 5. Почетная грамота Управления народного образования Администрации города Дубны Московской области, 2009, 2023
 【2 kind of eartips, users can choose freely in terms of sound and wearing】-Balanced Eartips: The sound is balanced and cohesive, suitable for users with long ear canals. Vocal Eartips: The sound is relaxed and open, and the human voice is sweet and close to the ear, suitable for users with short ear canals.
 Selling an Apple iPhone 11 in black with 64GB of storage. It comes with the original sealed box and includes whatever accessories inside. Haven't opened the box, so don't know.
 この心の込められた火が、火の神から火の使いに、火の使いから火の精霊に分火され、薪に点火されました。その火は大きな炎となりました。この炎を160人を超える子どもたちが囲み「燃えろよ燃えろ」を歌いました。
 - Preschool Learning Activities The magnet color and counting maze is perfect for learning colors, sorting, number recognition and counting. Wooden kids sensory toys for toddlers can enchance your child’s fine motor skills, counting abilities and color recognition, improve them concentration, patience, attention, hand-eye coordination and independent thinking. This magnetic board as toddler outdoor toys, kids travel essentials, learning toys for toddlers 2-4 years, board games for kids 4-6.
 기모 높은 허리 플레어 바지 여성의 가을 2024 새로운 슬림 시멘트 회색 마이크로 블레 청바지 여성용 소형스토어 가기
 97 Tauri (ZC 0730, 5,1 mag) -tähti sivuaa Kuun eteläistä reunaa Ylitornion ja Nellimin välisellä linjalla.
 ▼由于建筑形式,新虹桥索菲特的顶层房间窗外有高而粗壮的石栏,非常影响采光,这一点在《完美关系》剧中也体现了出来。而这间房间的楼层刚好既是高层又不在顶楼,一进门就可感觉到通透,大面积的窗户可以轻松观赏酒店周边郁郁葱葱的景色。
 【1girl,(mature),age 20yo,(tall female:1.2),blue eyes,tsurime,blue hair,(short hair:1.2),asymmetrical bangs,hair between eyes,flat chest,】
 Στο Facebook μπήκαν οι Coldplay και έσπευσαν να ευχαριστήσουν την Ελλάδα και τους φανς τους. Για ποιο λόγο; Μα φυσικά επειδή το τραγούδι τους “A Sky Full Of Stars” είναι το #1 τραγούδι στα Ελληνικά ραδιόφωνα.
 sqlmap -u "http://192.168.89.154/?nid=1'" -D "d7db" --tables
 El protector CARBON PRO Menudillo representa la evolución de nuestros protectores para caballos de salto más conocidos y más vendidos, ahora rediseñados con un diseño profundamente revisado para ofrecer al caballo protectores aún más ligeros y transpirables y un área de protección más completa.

To do:
Work out how many lines in the data above hold the word "short". Reply with nothing but the count.

Response:
2